Ness () is the northernmost part of the Isle of Lewis, a community consisting of about 16 villages, including Lionel, Habost, Swainbost, Cross, North and South Dell, Cross Skigersta, Skigersta, Eorodale, Adabroc, Port of Ness, Knockaird, Fivepenny and Eoropie. It was the most north-westerly community in the European Union, when the United Kingdom was a member. Its most northerly point is the Butt of Lewis. The name Ness derives from the old Norse for headland and many of the other place names in the area also have a Norse origin.

Ness is part of the Galson Estate, which is owned by Urras Oighreachd Ghabhsainn (Galson Estate Trust) which is managed by 10 local trustees elected by the community. The hand-over took place on 12 January 2007.

Ness is accessible via the A857 road and is about  by road from Stornoway. Ness can also be reached by walking across the moor from North Tolsta in Back to Skigersta. It is about  and takes 6 hours at a leisurely pace.

Scottish Gaelic is the language of the community with 75% being able to speak it. Peat cut from the moor, is used as a fuel for cooking and heating in many homes, but its use is on the decline. The 2001 Census results show a resident population of just under 1,000. In 1831 Ness had a population of just over 3,000.

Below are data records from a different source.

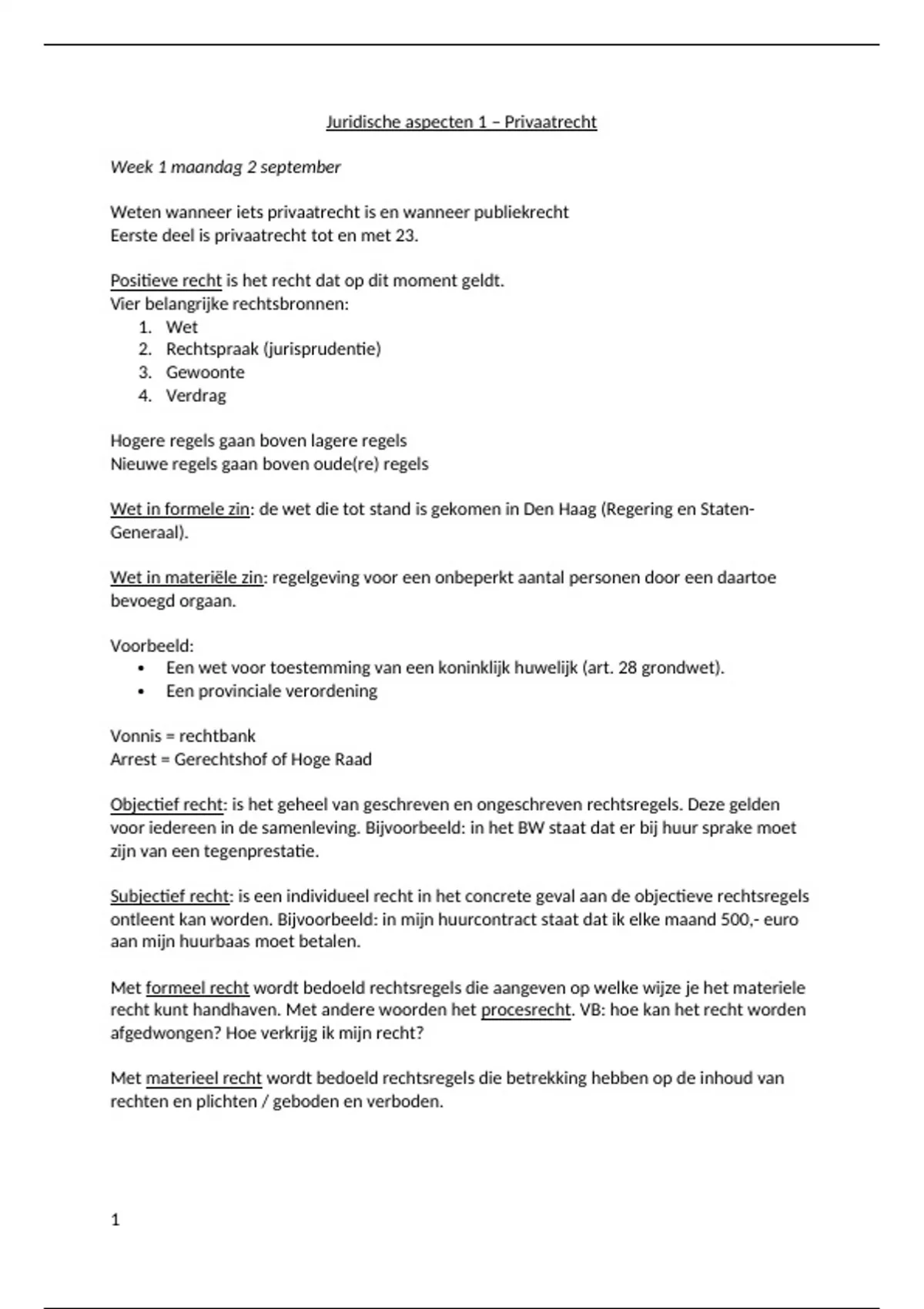 Samenvatting en aantekeningen van het vak Juridische Aspecten 1 van de Minor Makelaardij op Saxion in Enschede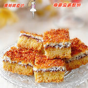 低粉、糖粉、鸡蛋、玉米油、香草粉、椰蓉、鸡蛋、白糖、蓝莓果酱。
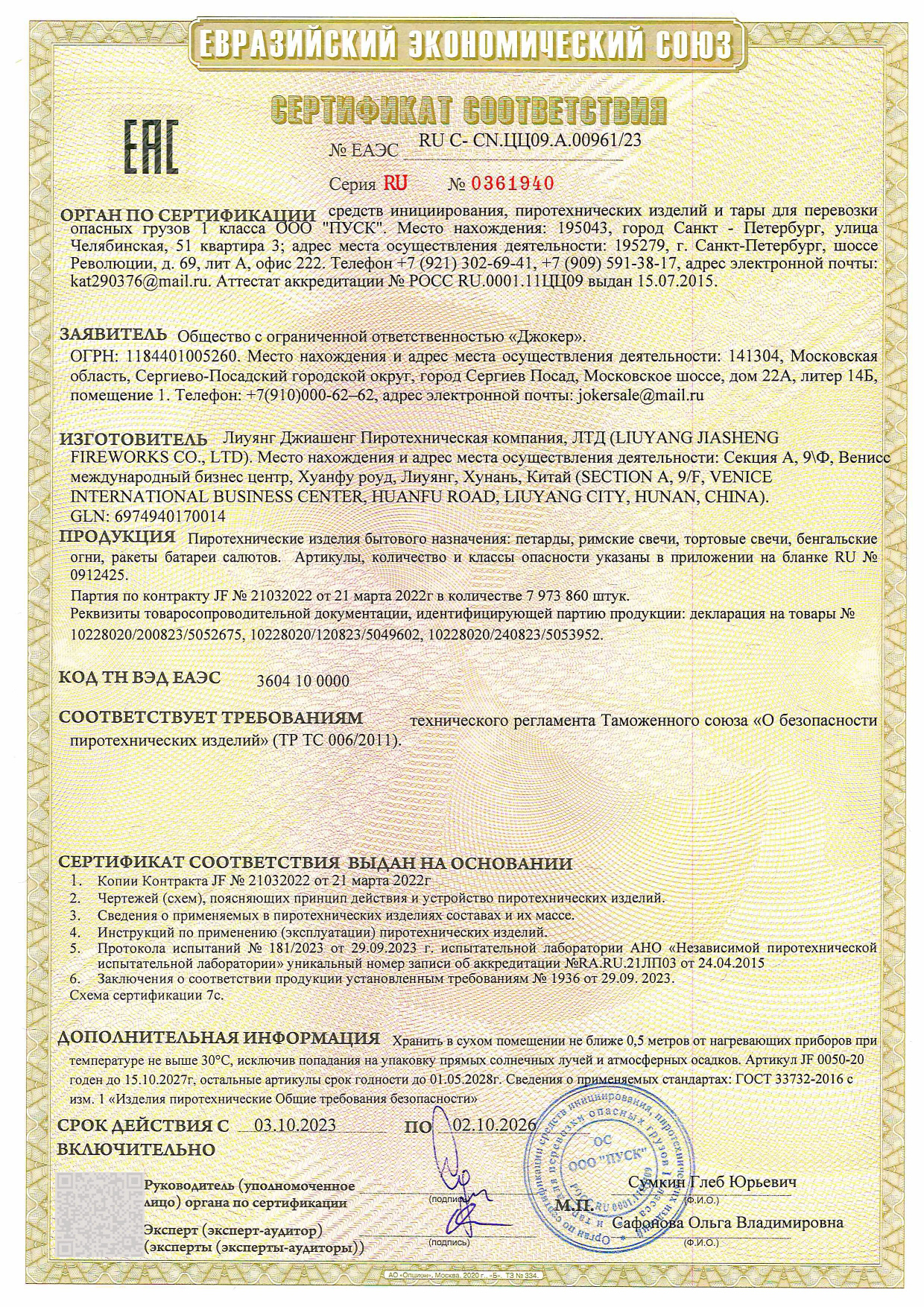 - Обратите внимание, что при покупке фейерверка Вы несете полную ответственность за соблюдение правил хранения, техники безопасности и инструкции по запуску изделия!

Landmarks include the 13th-century Teampull Mholuaidh in Eoropie and the small island of Dùn Èistean which is the ancestral home of the Lewis Morrisons of the Clan Morrison. There is a road sign to the bridge across to Dùn Èistean, and archaeological excavations have been taking place there. Morrisons of Harris and Lewis can traditionally be found around Nis, and in the north-west Highlands in the county of Sutherland around the town of Durness (Scottish Gaelic: Diùranais).

Each year 10 men from Ness go out to the island of Sula Sgeir in late August for a fortnight to harvest around 2,000 young gannets known locally as Guga. The Guga hunt is a Ness tradition and the bird considered a delicacy.

A Ness boat builder called John F. Macleod from Port saved 40 lives following the sinking of H.M.Y. Iolaire by managing to take a line to shore.

Ness is known for its Sgoth, a type of clinker built skiff with a dipping lug sail. The boats were used for line fishing until the early half of the twentieth century. There are several still in active use owned by community trusts which maintain them.

School
Lionel School is the school providing for Ness. Lionel School prides itself on its sporting prowess and pupils have won trophies for football, running, badminton and swimming. The school roll is 116.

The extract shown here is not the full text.